Ci puniva perché ci comportavamo male.

Perché era ciò che i bambini cattivi si meritavano, l’espiazione per la loro

colpa.

Io non sapevo quale fosse la mia. Il più delle volte non capivo nemmeno

perché lo facesse.

Ero troppo piccola per comprendere, ma ricordavo ciascuno di quei

momenti come se li avessi tatuati nella memoria.

Non se ne andavano mai.

Quando uno di noi veniva punito, ognuno si stringeva nelle proprie

cuciture e pregava di non riceverne più.

Ma io non volevo essere bambola, no, io volevo essere cielo - con quel

manto terso e quelle nuvole bianche, perché non importava quanti squarci

lo percorressero, non importava quanti tuoni e lampi ne intaccassero il

sereno: lui tornava sempre lo stesso, senza spezzarsi mai.

Io così sognavo di essere. Libera.

Ma tornavo di porcellana e di pezza, quando i suoi occhi si posavano su

di me.

Mi trascinava in avanti e io potevo già vedere la porta della cantina, le

scale strette che scendevano in una voragine scura. Quel letto senza

materasso e le cinture che mi avrebbero bloccato i polsi per tutta la notte.

I miei incubi avrebbero avuto le sembianze di quella stanza per sempre.

Ma lei…

Lei era il mio incubo più grande.

Sarò brava, mi dicevo mentre lei mi passava vicino.

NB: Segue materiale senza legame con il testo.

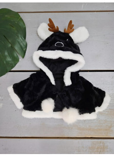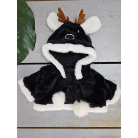 Cape pour bébé en fausse fourrure noire et bordure blanche avec Cornes de Renne

Avevo gambe troppo corte per poterla guardare in viso, ma non avrei mai

dimenticato il suono dei suoi passi. Erano il terrore di tutti noi.

Sarò brava, sussurravo torcendomi le mani, desiderando di essere

invisibile come una crepa dell’intonaco.

E ci provavo a essere ubbidiente, ci provavo a non darle pretesti per

punirmi, ma avevo quell’indole da farfalla, e la delicatezza che mi aveva

lasciato mamma. Curavo lucertole e passeri feriti, mi sporcavo le mani con

la terra e il polline dei fiori, e lei odiava le imperfezioni tanto quanto le

debolezze.

«Smettila con quei cerotti come una piccola mendicante!»